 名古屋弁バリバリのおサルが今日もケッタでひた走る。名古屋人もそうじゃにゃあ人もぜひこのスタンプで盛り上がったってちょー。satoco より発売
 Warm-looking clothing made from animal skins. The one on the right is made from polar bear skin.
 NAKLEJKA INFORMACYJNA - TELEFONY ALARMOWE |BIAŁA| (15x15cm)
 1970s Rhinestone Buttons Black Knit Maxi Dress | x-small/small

==

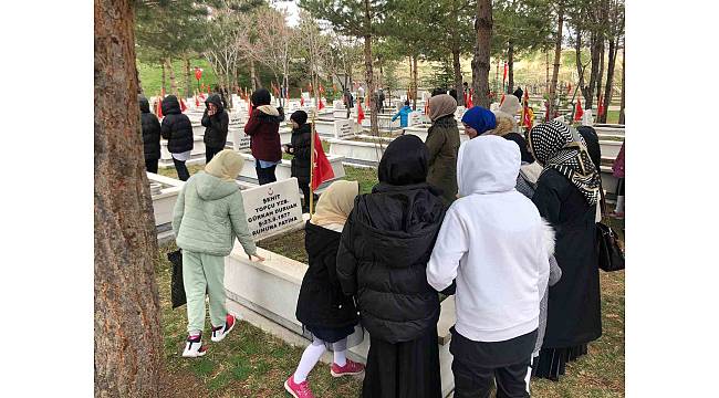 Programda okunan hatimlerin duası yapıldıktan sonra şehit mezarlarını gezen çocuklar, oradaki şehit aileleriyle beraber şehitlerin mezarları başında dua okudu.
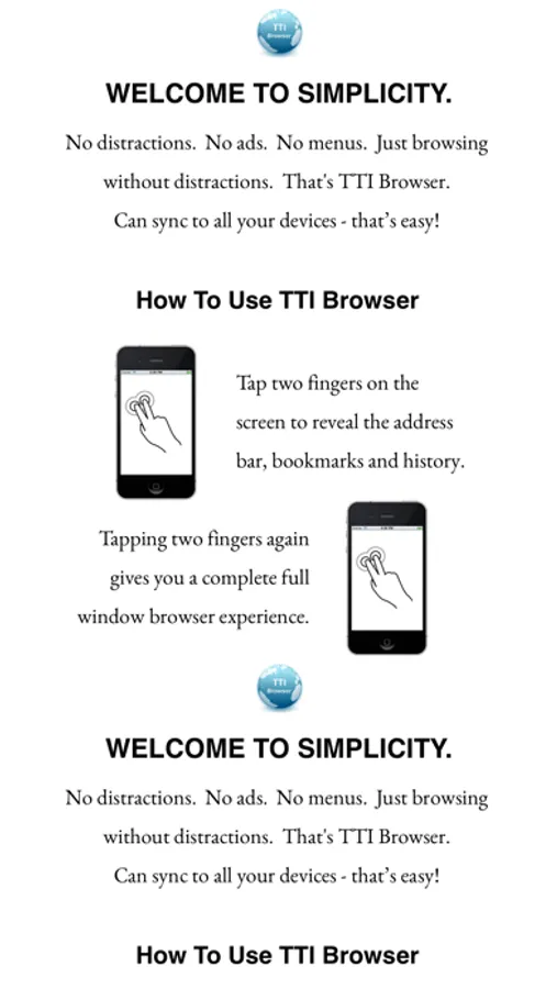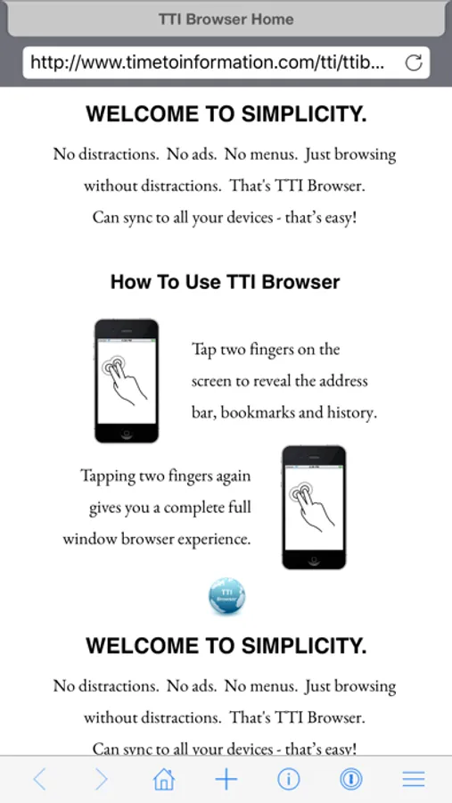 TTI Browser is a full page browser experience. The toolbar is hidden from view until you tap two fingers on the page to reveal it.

**Work task:**
Only the lines above from the line with "Warm-looking clothing made" to the line with "1970s Rhinestone Buttons", those two lines included, should be reproduced exactly.

**Exercise answer:**
 Warm-looking clothing made from animal skins. The one on the right is made from polar bear skin.
 NAKLEJKA INFORMACYJNA - TELEFONY ALARMOWE |BIAŁA| (15x15cm)
 1970s Rhinestone Buttons Black Knit Maxi Dress | x-small/small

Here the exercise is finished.